LOL. But the intriguing flip side is eras in which the military coup was more or less unknown. European monarchies generally had very loyal forces from the end of the era of baronial revolts till the 19th century. In Scotland the Stewarts never got usurped, even though for 200 years they had a consistent pattern of long royal minorities.

Also, navies have been far more loyal than armies — historian William H. Neil observed that sailors hitting the beach have other things in mind than staging coups on behalf of their commanders. Space empires whose primary forces are fleets may be safer domestically than if they depended mainly on armies.

Which also plays into the layered defense of a planet. You may want to put more of your resources into the space layers, as less prone to march on the capital than a last ditch surface-army layer would be.

( Arius: At this point, I think there's more to it. When is the last time a first-world democracy had that problem? I think there's a cultural/social aspect to it, and a wealth aspect )

Agree. Officer indoctrination is just the final layer of a layered defense, so to speak. For one thing, the indoctrination would be useless if cadets picked up the vibe from their instructors that it was all a mickey mouse drill to make civilians happy.

When IS the last time a western democracy had a coup? Hitler came to power legally, even Mussolini demi-legally, and those were democracies with very shallow roots. The French Third Republic, no tower of stability, had only the Boulanger farce. I'm not counting coups backed by overwhelming foreign force, like Czechoslovakia c. 1948.

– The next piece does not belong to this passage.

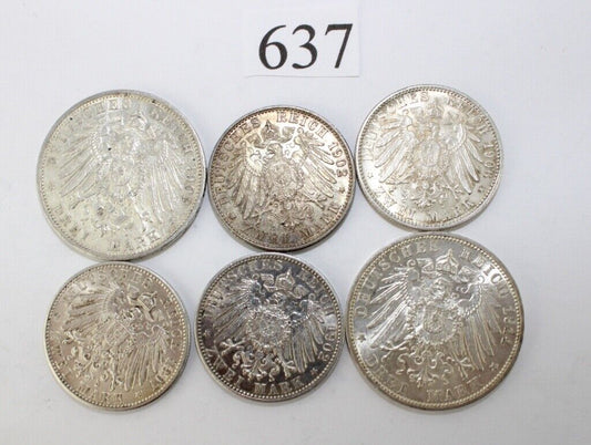 6x 2 & 3 Mark 1902 - 1914 " Friedrich Baden " Jäger J. 30 34 36 39 SilberNormaler Preis €265,00 EURNormaler PreisGrundpreis / pro-

Spain had an abortive coup in 1979, but it was only just emerging from Franco. (Incidentally, it is striking how much Spain has "joined Europe" after a very long period of being stereotyped as stranded in 1648.)


Erik Max Francis:

( Winchell Chung: The answers I got boiled down to "the indoctrination which new officers receive at West Point." )

think that's a bit too glib. It's more about reliable on the rule of law, and built-up reliance in the stability of the democratic system.